In Bruges (2008)

Rated: R for strong bloody violence, pervasive language and some drug use.
Length: 107 minutes
Grade: BFBB+=B
Budget: Unknown
Box Office: $30 million ($8 US, $19 Intl, $3 DVD)

Written and Directed by: Martin McDonagh, with his first full-length movie.
Starring: Colin Farrel, Ralph Fiennes, Brendan Gleeson, and Clemence Poesy.

After two hitmen accidentally kill a little girl in England, their boss sends them to Bruges to lay low. Little does the junior partner know, but his mentor has been tasked to kill him. When he refuses, the boss comes to Bruges to handle the job himself. Meanwhile the medieval town of Bruges is host to a budding romance between Farrell and an exotic girl who deals drugs to the stars while on location for a strange movie.

Entertainment Value: B
You have to listen fast, because they don’t talk slowly. But this movie is hilarious, mostly for the offhand comments and quippy banter between Gleeson and Farrell. I found myself regularly laughing and then at other times staring in something like wonder at the depth and symbolism that this movie manages to combine, especially for a first effort from the writer/director.

Superficial Content: F
Drugs/Alcohol F, Sexuality C, Violence F, Language F, Illegality F
It’s pretty much awful, although not particularly in the sex stuff, though there are scenes involving sex with prostitutes and some minor nudity. The plot revolves around drug dealing, people use drugs, and there’s plenty of alcohol use. But of course the main issues here are hit-men, violence, killing, and more violence. This is definitely an adults only movie.

Significant Content: B
To me, this is exactly the sort of movie Christians could and should watch with their non-Christian friends because it will offer so many interesting things to talk about and expand into theological issues. This movie is essentially about guilt, justice/consequences, sacrifice, and redemption. All the other stuff is just trappings to dress it up and make it interesting.

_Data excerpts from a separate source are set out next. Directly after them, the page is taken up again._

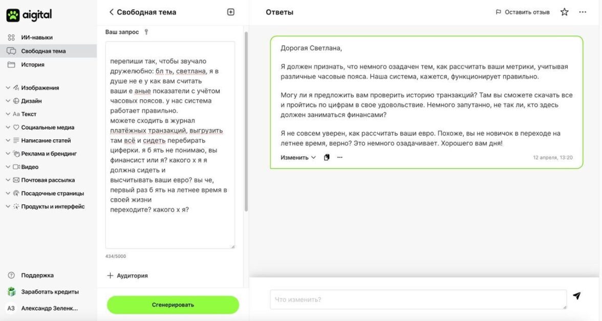 А если вам есть что сказать вашему собеседнику, но вы не находите правильных слов, попросите Aigital переписать ваш текст более дружелюбно, как на скрине ниже.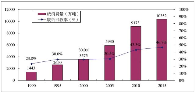 圖61990~2015年內(nèi)地紙消費(fèi)量以及廢紙回收率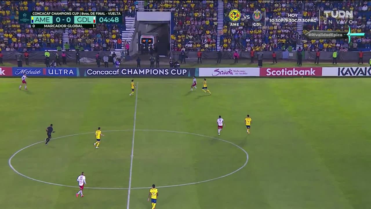 ¡Gol! América 1| Chivas 0. Brian Rodríguez (América) zurdazo desde el lado izquierdo dentro del área por el lado derecho de la portería. Asistencia de Diego Valdés.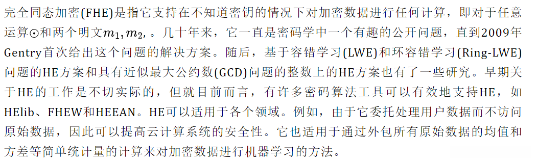 1978年,Rivest et al.质疑是否存在任何加密方案来支持在不知道秘密信息的情况下对加密数据进行计算。例如,教科书上的RSA加密支持在没有私钥的情况下对加密数据进行乘法运算,我们称之为乘法同态加密(HE)。同样,如果一个系统支持在没有密钥的情况下对加密数据进行加法运算,我们称之为加法同态加密。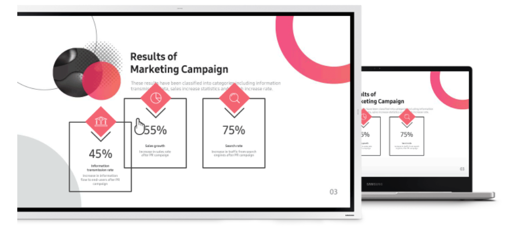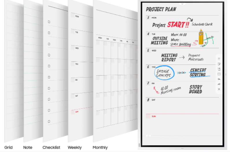 Bạn có thể lựa chọn các định dạng mẫu được tích hợp sẵn trên màn hình tương tác Samsung Flip cho các nhu cầu khác nhau. Không đơn giản chỉ là chức năng viết vẽ thông thường mà thiết bị này còn cho phép bạn sử dụng các tính năng lên lịch làm việc, lịch trình, ghi chú thông tin quan trọng hay ý tưởng hay và dễ dàng kiểm tra danh sách cần thiết. Chính nhờ vậy, Samsung Flip thỏa mãn được mọi nhu cầu kinh doanh và mang đến giao diện hiển thị đúng như ý muốn của từng doanh nghiệp.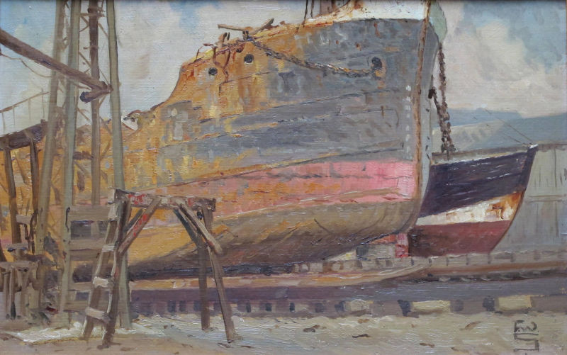 004 Öl auf Hartfaser, 30 x 20 cm, 1950 "Cuxhaven 1950"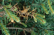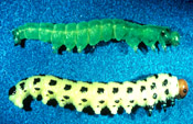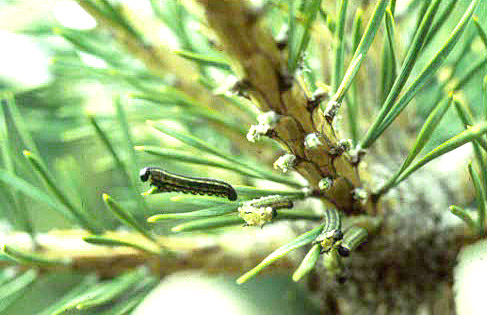 defoliate pine needles. Each of the small black headed larvae near the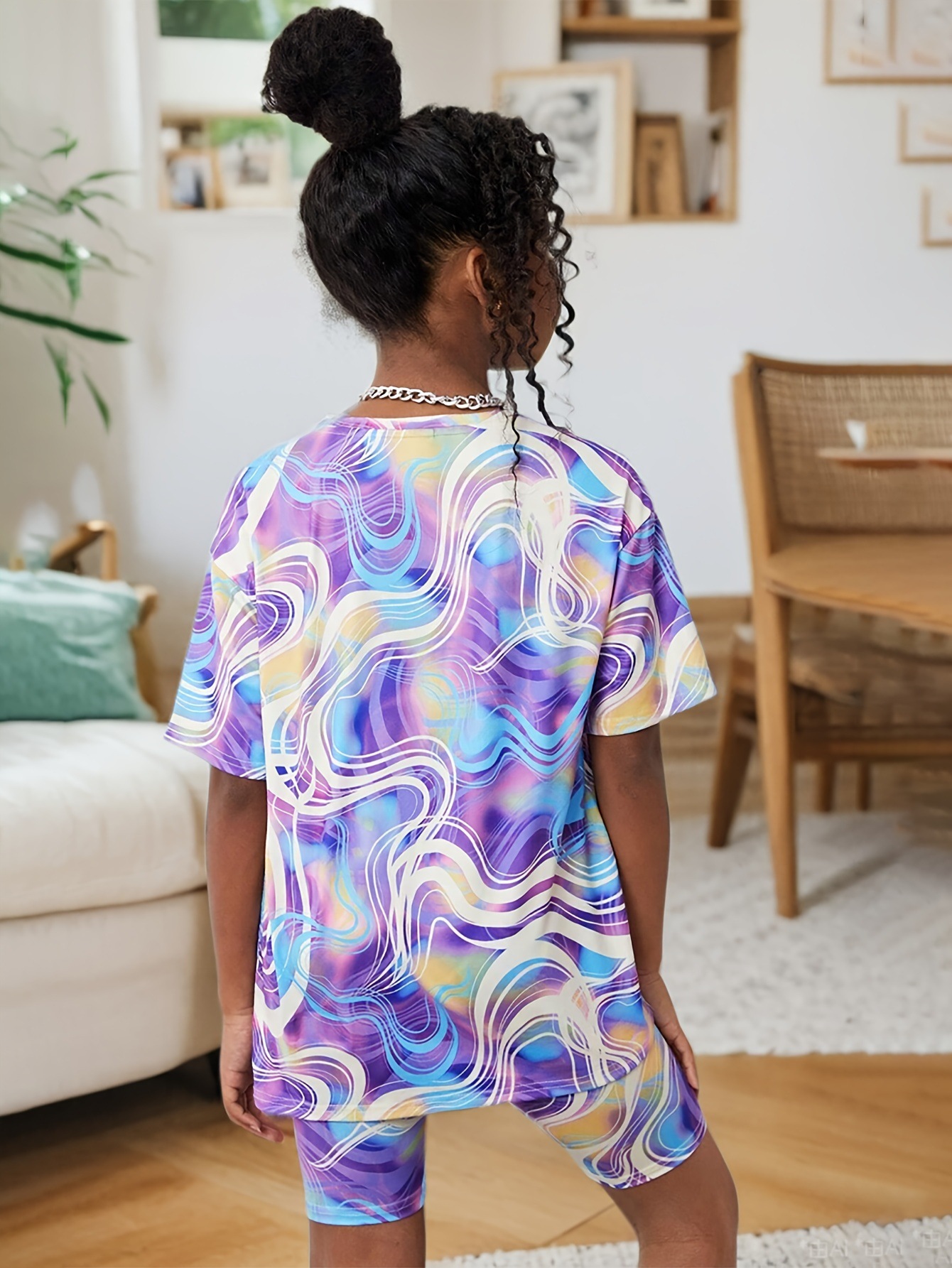 국경 간 무역 INS 여아용 추상 프린트 반팔 세트 라운드넥 티셔츠 1-8세 적합 인기 판매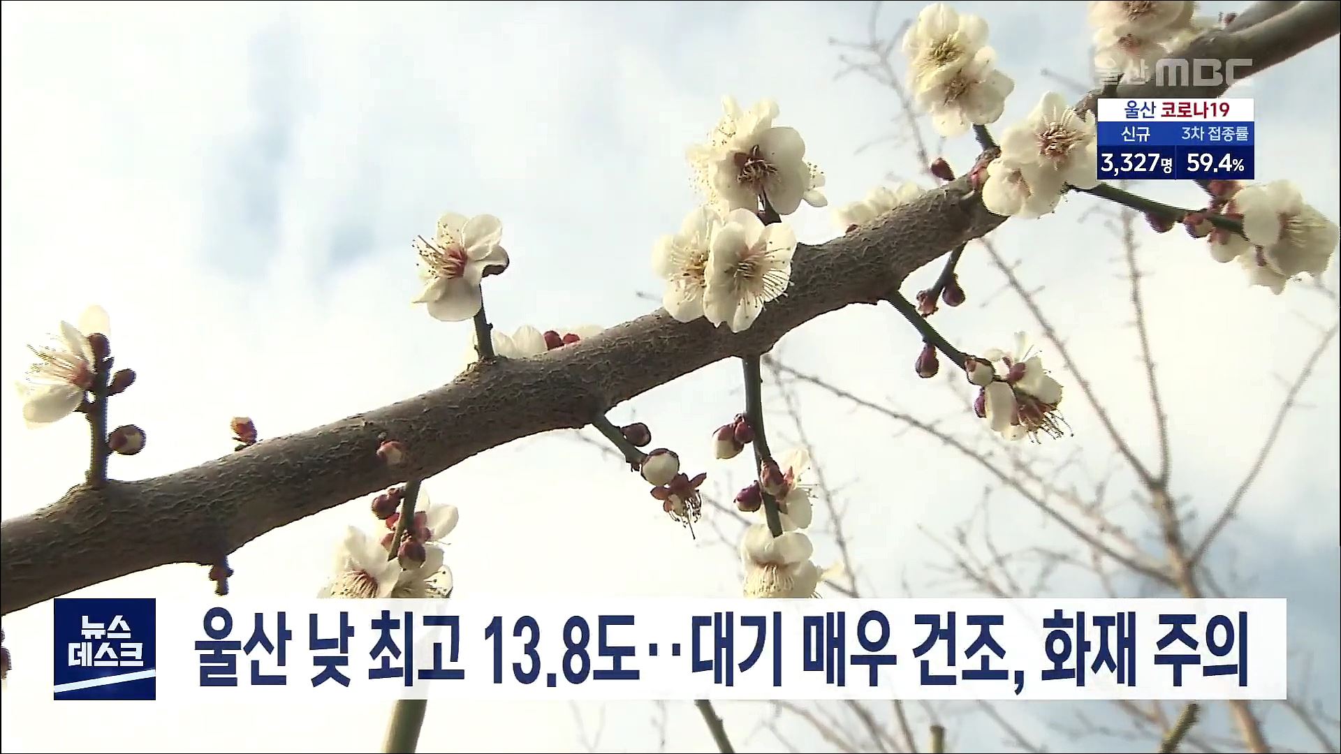 오늘(2/25) 울산지방은 대체로 맑은 가운데 낮 최고 기온이 11.6도를 기록해 추위가 누그러졌습니다. 주말인 내일은 아침 최저 영하 1도로 시작해 낮 최고 기온이 14도까지 올라 포근하겠습니다. 현재 울산에는 엿새째 건조경보가 내려진 가운데 내일까지 바람도 강하게 불 것으로 예상돼 화재 예방에 각별한 주의가 필요합...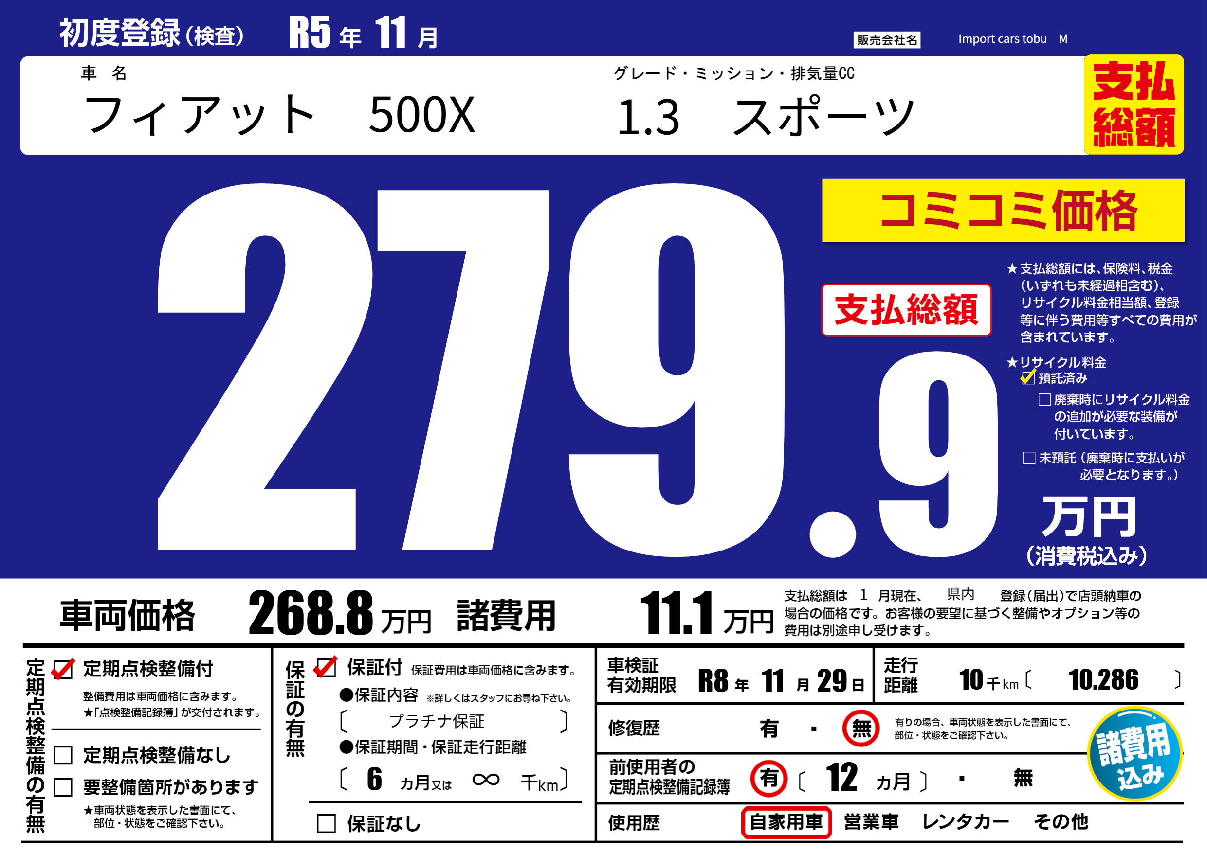 | 車名 | フィアット 500X | グレード ミッション 排気量 |

Artistic/Thought Value: B+
In one sense, this is a very vulgar and ugly movie. But in so many other ways, it takes this filth-drenched ugliness and finds something beautiful underneath. This is definitely an art film, by which I mean that it’s intended to not be neat and conveniently packaged, but instead is mean to be rewatched and discussed rather than given a simple thumbs up or down.

Discussion Questions:
~Why does Ken change his mind about killing Ray? What does this decision say about him? Have you ever been angry with someone but then had your emotions change when you saw them being vulnerable or depressed?
~When Harry decides to take his own life, why does he do so? To what degree would you say that he is a man of principle? Are evil people usually men of principle? Would you say that evil men are those who have too much commitment to some principles while not recognizing or honoring enough other important ones? What are the differences or similarities between the suicide attempts of Harry, Ray, and Ken?
~What might have happened if an evangelist had been able to interact with any of these three characters? Who do you think would be the most likely to accept Christ?
~Why does Harry send Ray to Bruges? What motivates him to want to do something nice for Ray before he has him killed? Is this a coherent agenda?
~What is this movie trying to say in the way it uses children, whether the initial victim, the midget, or the pregnant woman in the hotel?
~Is this a fairy tale? How so? If fairy tales were told with realism, would they normally look like this?
~Is there a Christ figure in this movie? Why does Ken do what he does for Ray? Is anyone saved or redeemed in this movie?
~Do you think this movie glorifies crime or assassination?
~Do hit-men have the sort of consciences that Ray and Ken seem to have? Are they “real people” when they’re not committing murder?
~Who has a more healthy reaction to the evil thing they have done: Ray or Ken? Is Ken sublimating his guilt by wanting to see the sights?
~Compare this movie with some other movies about assassins such as The Jackal, Grosse Point Blank, The Matador, Mr. and Mrs. Smith, Bourne trilogy, Pulp Fiction, Road to Perdition, Kill Bill, Whole 9 and 10 yards, and Replacement Killers. Why do you think so many movies have been made about assassins? Why are they always given such engaging personalities? Do you believe there are assassins? Do you believe the movies portray them accurately? Is there a significant difference between movies about vigilantes and movies about assassins?
~Is Bruges purgatory? How so, or not?